Under the three-year pacts, employees represented by SEIU Healthcare Pa at The Gardens at York Terrace in Pottsville and Ridgeview Healthcare & Rehabilitation Center in Shenandoah Heights will receive raises of more than $3 an hour, with the raises going up 9% in the first year of the contract and 18% during the course of the contract.
Workers with the lowest wages will get raises of more than 40%, according to the union, which released details of the contract Monday.
Starting wages will be $14.50 per hour, compared with $10.50 per hour the union said some employees were making. The contract also includes increases for longevity.
SEIU announced Friday it had reached an agreement with Priority Healthcare, parent company of The Gardens at York Terrace, and Comprehensive Healthcare. On Saturday, the union said one had been reached with Ridgeview's parent company, Shenandoah Heights Healthcare LLC.
The new contracts, which have been ratified by the union, end strikes at the facilities that began Sept. 2. The contracts for Guardian and Priority Healthcare are retroactive to July 1, while the one for Ridgeview employees went into effect on Sept. 1.
The strike involved 12 nursing homes and 700 workers, according to SEIU officials.
Staffing, health insurance needs met
In addition to the raises, workers will receive health insurance adjustments to make costs more affordable and allow more in-network providers, as well as a commitment to ensure safe staffing levels and language keeping the contract in the event of a sale.
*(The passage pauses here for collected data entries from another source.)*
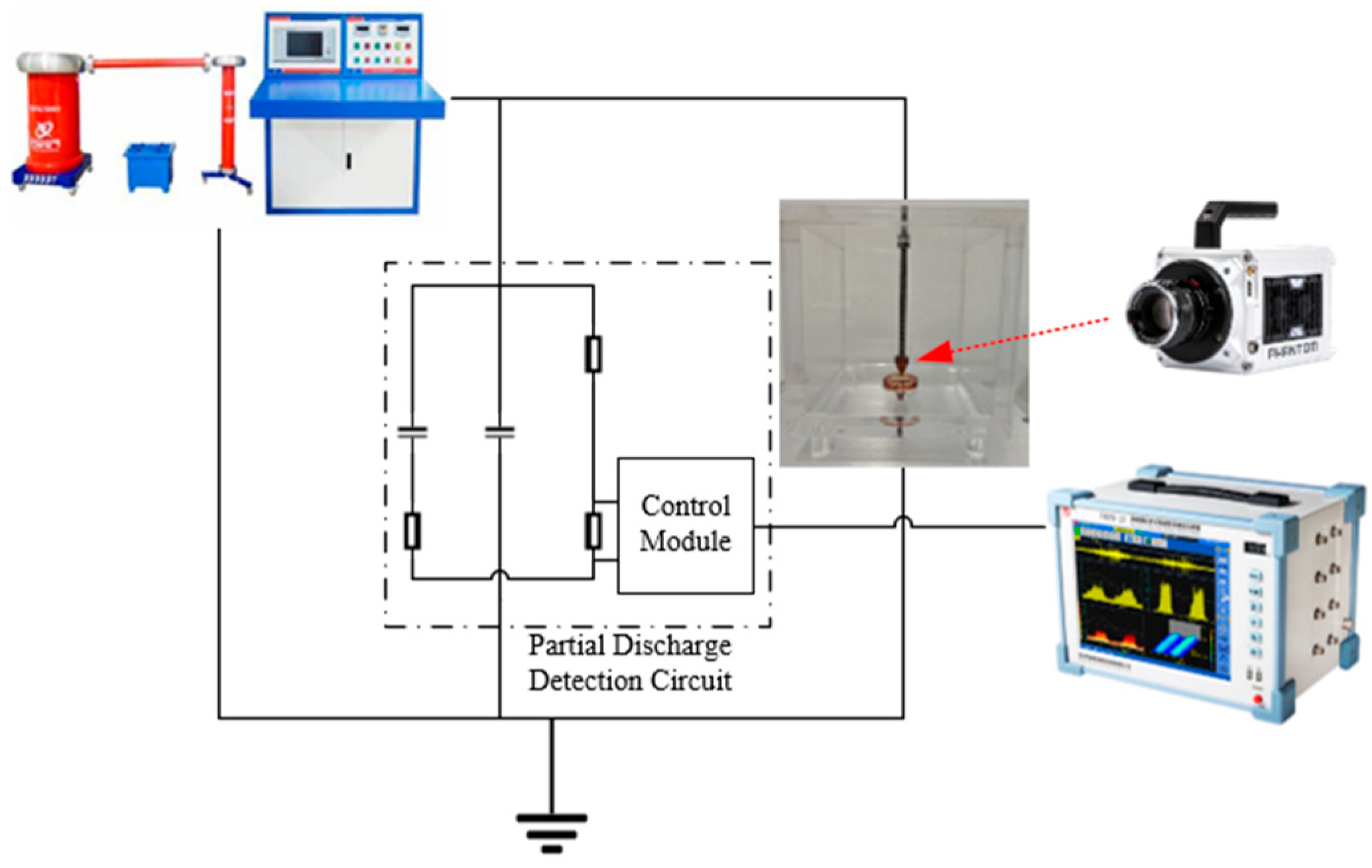 In addition, an experimental simulation platform for partial discharge studies was established using the laboratory’s existing AC high-voltage source, high-speed imaging system, and partial discharge detector, as shown in
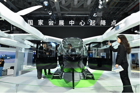 Visitors try the Matrix 1 electric vertical takeoff and landing aircraft at the booth of VerTaxi at the Automobile and Smart Mobility exhibition area of the eighth China International Import Expo (CII
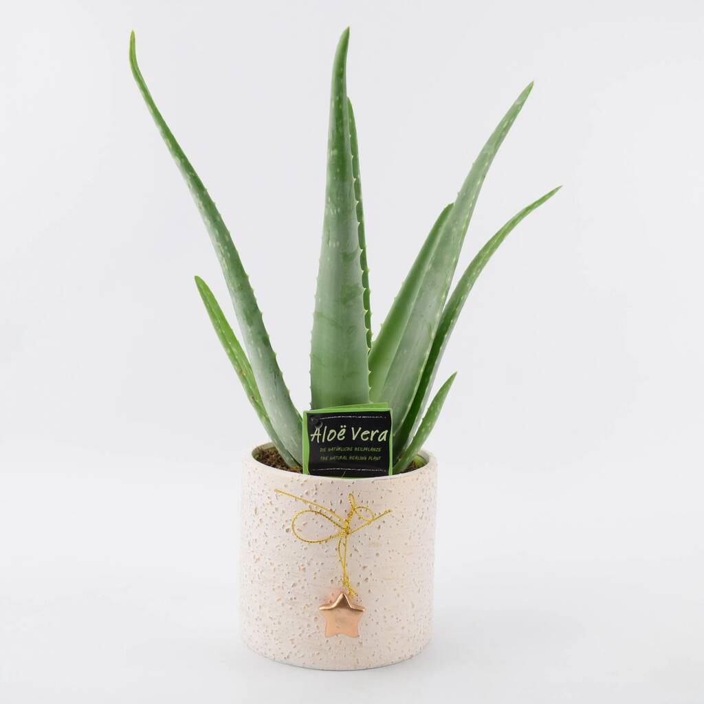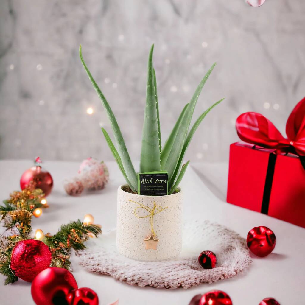 The ceramic pot features a festive cream base colour accented with gold stars, offering a tasteful seasonal look that works year-round. Lightweight yet sturdy, the pot provides proper drainage and supports the Aloe Vera's root system.
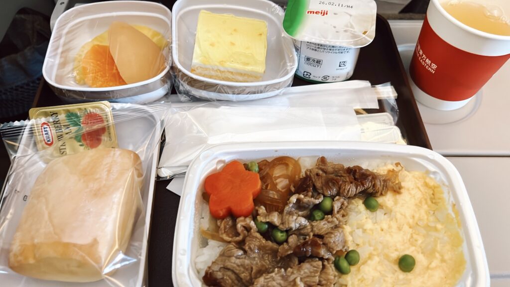機内食は牛丼を選ぶと、想像以上においしかった!その他は軽く煮た果物や甘いケーキと続きます。
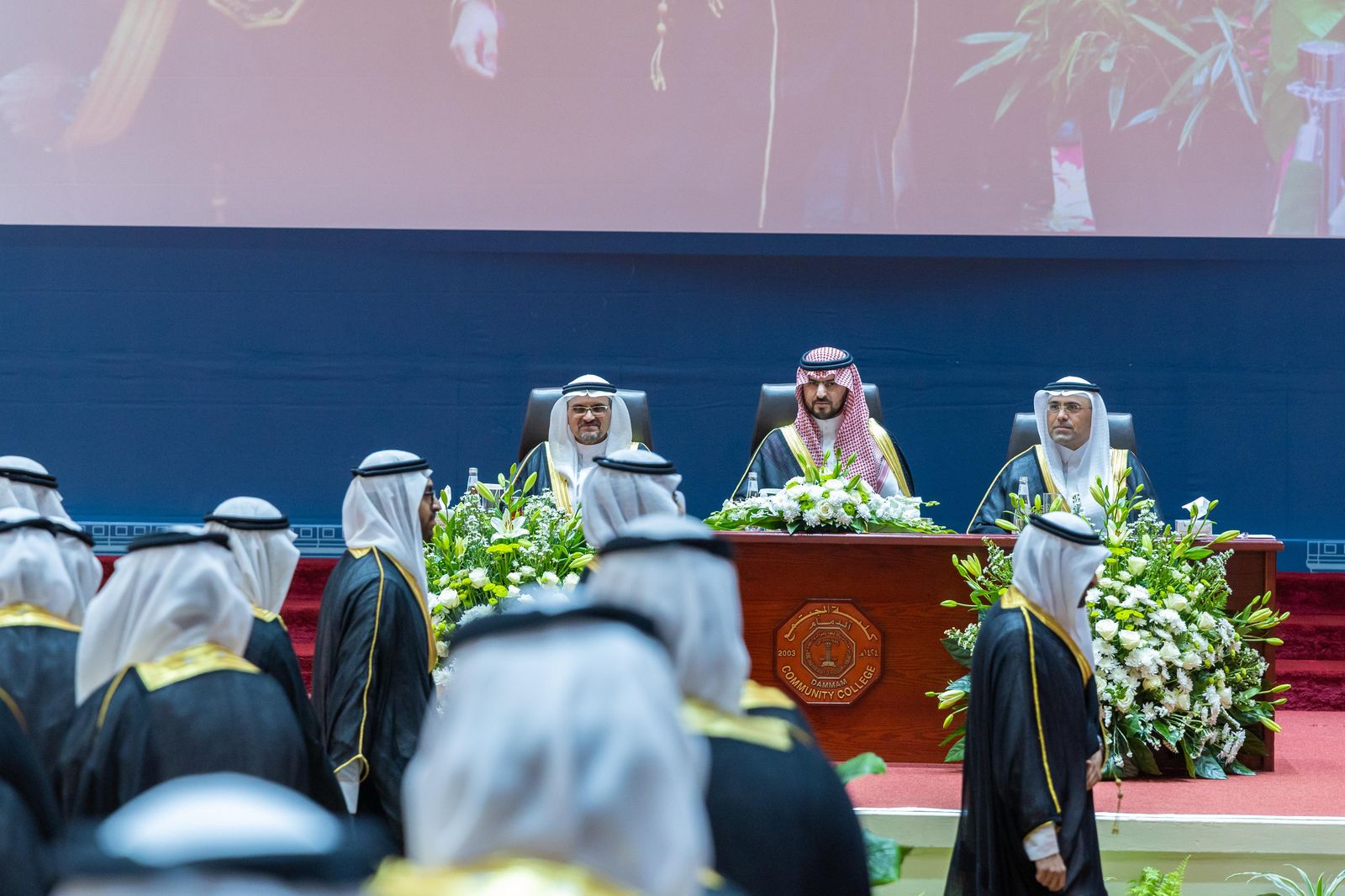 كما قدم الدكتور باحيدرة، باسمه ونيابة عن جميع منسوبي كلية المجتمع، خالص الشكر والتقدير لصاحب السمو الملكي نائب أمير المنطقة الشرقية على رعايته وتشريفه الحفل، مؤكدًا أن هذه الرعاية تمثل دعمًا وتحفيزًا كبيرًا للخريجين وهم يستعدون للانطلاق نحو مستقبلهم المهني والعلمي.
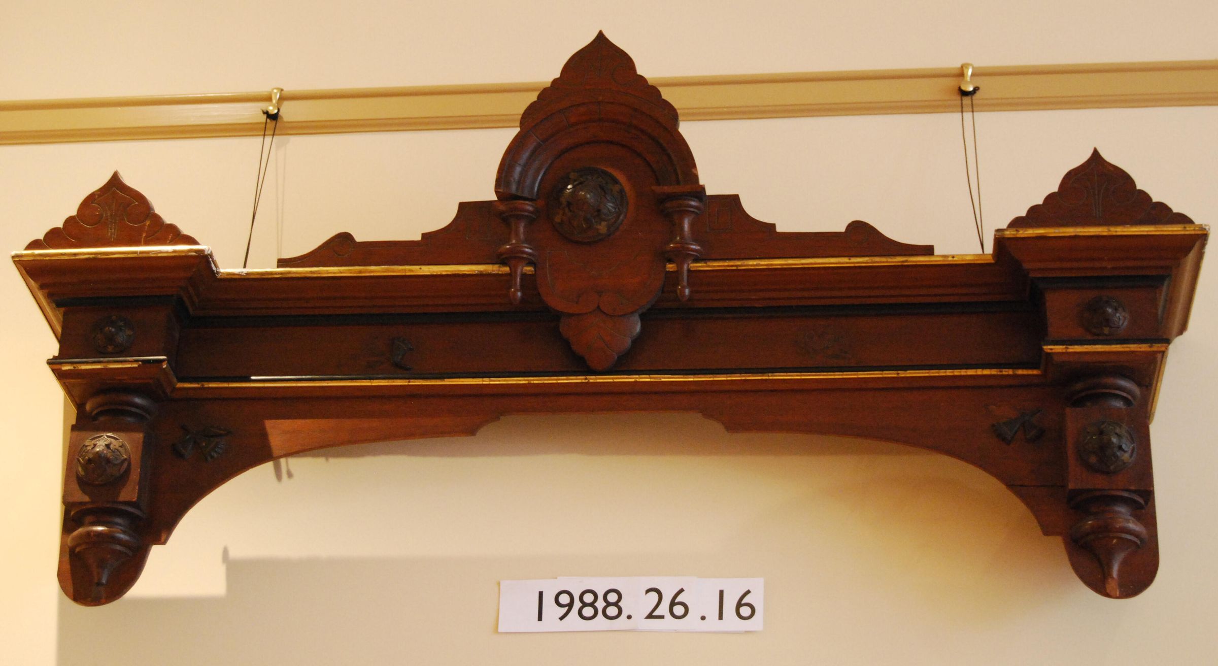 Interior wood. Elaborate window valance. Central arch-shaped pediment with rosette and half-turned drops, flanked on each side with angular fret cut pediments with incised scroll ornaments, below which are compound contour moldings with gilt trim and frieze panel. Has series of applied ornaments, below which are half-turned drops mounted on symmetrically carved backing board. Made of hardwood. Varnished.

Workers at Ridgeview received paid holidays, having previously used personal time to take off on holidays, according to SEIU.
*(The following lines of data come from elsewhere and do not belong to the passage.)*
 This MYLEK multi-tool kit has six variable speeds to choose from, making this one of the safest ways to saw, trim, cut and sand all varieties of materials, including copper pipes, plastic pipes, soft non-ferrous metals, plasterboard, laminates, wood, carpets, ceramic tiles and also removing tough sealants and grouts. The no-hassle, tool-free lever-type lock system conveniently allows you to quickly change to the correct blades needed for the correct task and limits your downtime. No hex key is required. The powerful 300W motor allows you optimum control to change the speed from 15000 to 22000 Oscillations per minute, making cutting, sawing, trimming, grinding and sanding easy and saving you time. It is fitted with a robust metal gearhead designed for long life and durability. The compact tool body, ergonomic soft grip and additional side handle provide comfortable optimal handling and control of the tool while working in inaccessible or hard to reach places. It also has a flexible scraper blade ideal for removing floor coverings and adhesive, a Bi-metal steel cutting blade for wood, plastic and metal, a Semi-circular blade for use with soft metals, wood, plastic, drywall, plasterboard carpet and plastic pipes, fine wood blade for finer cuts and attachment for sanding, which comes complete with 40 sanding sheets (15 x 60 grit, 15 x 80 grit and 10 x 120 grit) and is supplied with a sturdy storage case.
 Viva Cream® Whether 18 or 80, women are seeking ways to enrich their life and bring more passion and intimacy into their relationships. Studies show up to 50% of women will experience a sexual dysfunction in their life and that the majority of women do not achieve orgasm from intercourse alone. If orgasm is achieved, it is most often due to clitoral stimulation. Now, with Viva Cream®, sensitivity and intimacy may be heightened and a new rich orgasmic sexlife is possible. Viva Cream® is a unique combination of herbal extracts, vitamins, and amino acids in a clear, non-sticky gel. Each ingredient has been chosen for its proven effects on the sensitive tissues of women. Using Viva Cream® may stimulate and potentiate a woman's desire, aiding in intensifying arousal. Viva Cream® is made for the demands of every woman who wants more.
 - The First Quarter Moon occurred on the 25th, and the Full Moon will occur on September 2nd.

Before going on strike, employees had demanded substantial wage increases for all existing employees; employer-paid health insurance; protection of the existing contract in the event of a sale; to be ensured that employers follow new state regulations governing staffing; and written commitments not to interfere with the rights of workers who choose to form their union to demand accountability from private equity firms and bad-actor nursing home chains.
"These workers have been relentless advocates for their residents, providing care through conditions most of us cannot even imagine," SEIU Healthcare Pa President Matthew Yarnell said in a statement. "There's a national trend towards for-profit nursing home operators using tax dollars to fulfill the demands of their investors.
"This strike was about forcing nursing home operators to invest in our work and care for Pennsylvania's residents."
David Jasinski, an attorney representing the two Schuylkill County nursing homes, said he was happy the contracts were settled and looks forward to continuing working with the union.
"We're looking to provide the best services to residents," he said.